Five clips per episode, cut on clean sentence breaks

The clip command reads the episode's transcript and asks Claude for five moments: three short ones, one medium, and one long (about 12, 12, 12, 25, and 45 seconds). Claude chooses from the numbered transcript lines, not from raw timestamps, so a clip can only start and end where a line does. It can never land in the middle of a word. For each clip it also writes a hook and says why it picked it:

{
  "hook": "A two-day edit down to one hour",
  "reason": "A punchy before/after teaser that lands the core payoff in one quick beat.",
  "startCue": 7,
  "endCue": 9,
  "durationSec": 12.33
}

Each clip is cut from the episode audio and rendered as a vertical video in the show's colors: the episode question at the top, the AI Honestly mark, a waveform that moves with the audio, and captions timed from the transcript.

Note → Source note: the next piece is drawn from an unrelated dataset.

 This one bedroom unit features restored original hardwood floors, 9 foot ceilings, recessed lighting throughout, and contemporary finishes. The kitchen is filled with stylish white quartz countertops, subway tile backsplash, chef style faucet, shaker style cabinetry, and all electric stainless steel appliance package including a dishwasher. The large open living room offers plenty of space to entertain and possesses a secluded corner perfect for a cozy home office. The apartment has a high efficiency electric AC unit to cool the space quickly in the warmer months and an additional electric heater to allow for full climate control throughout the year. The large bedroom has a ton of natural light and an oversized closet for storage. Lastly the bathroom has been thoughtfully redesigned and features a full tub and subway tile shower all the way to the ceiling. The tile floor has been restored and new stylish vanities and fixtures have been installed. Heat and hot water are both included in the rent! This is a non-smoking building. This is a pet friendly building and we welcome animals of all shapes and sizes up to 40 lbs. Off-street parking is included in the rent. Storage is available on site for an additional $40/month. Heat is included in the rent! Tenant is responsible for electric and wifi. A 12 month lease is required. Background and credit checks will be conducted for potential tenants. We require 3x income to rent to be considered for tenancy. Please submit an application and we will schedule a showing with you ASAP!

Three vertical social clips from episode 4, Can I edit video with AI?, each with the question at the top, the AI Honestly logo in the middle, and a different captioned line at the bottom
THREE OF EPISODE 4'S FIVE CLIPS. SAME CARD, DIFFERENT MOMENTS, CAPTIONS FROM THE TRANSCRIPT

Show notes written from the transcript

The publish step sends the timestamped transcript to Claude, which writes the summary, the "In this episode" highlights, and chapter timestamps that line up with the audio. It also lists the tools the episode talks about. I don't write any of it.

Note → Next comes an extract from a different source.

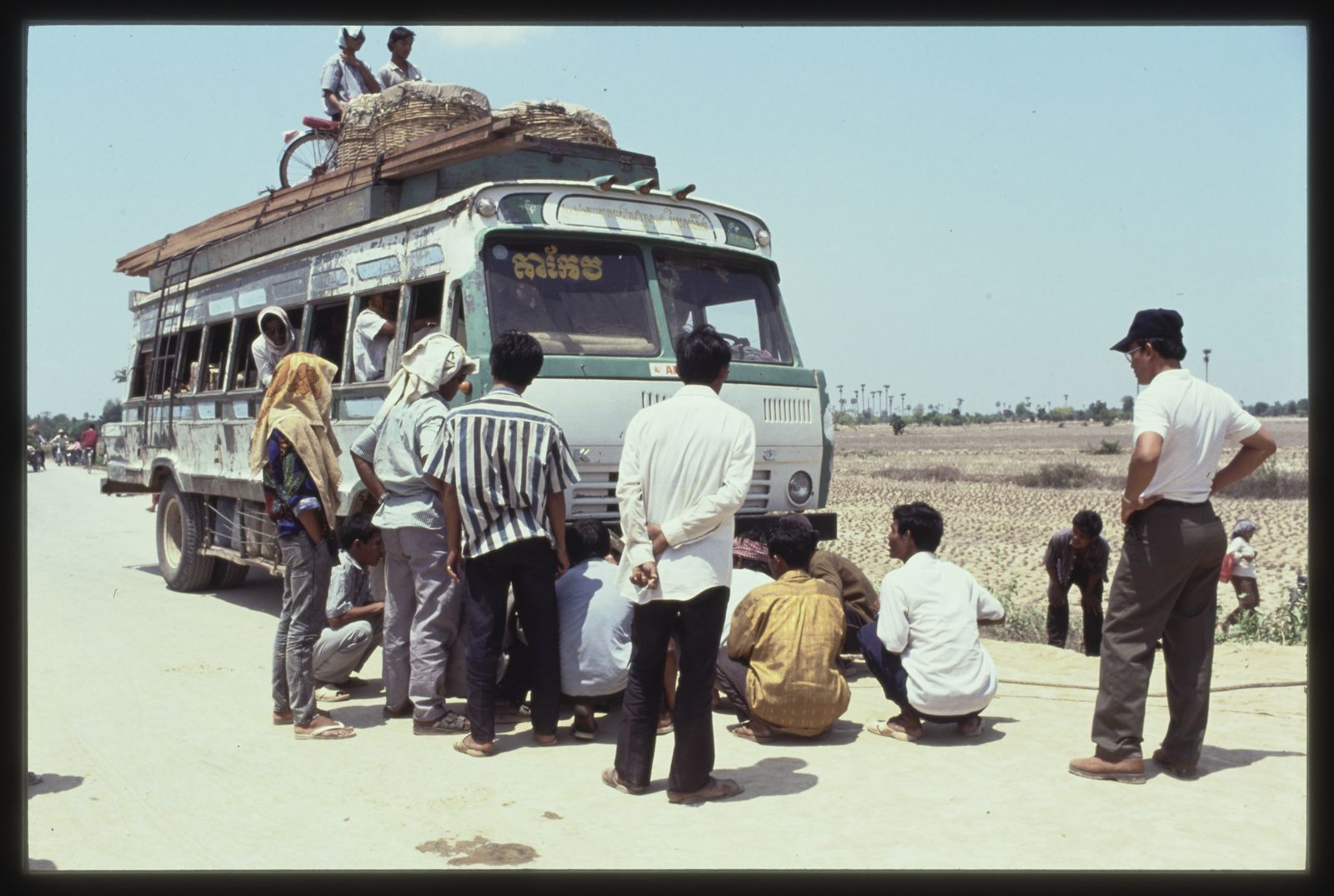 Tonlé Bati : autobus de transport de passagers en panne en 1992 © Apur

The episode 4 page: an In this episode list of highlights, timestamps from 0:00 to 7:18, and the tools mentioned
EPISODE 4'S HIGHLIGHTS AND TIMESTAMPS, GENERATED FROM THE VTT

A site and feed that can't publish broken

The website is a static Astro site on Cloudflare, and the episode audio lives in Cloudflare R2. The publish command builds the site, validates the RSS feed against the spec, checks the built site, and only then deploys. If the feed is wrong, nothing goes out. That matters because a broken feed breaks every subscriber's app at once. The pipeline also treats each episode's audio URL as permanent once it's published, so podcast apps never lose a file.

My own download numbers

Every download request is logged raw to a small Cloudflare database. The download counts are calculated from that log following the podcast industry's measurement standard, so repeat downloads, bots, and tiny partial requests don't inflate the numbers. I own the data instead of relying on a hosting platform's dashboard.

Outcome

Four episodes are live, each in under thirty minutes from voice memo to feed. The questions so far: replacing an email program with AI, making an AI podcast (the show explaining itself), building an AI speed-to-lead system, and editing video with AI. Each episode ships with five clips ready to post. The only parts I still do by hand are the thinking and the listening, and those are the parts that should be mine.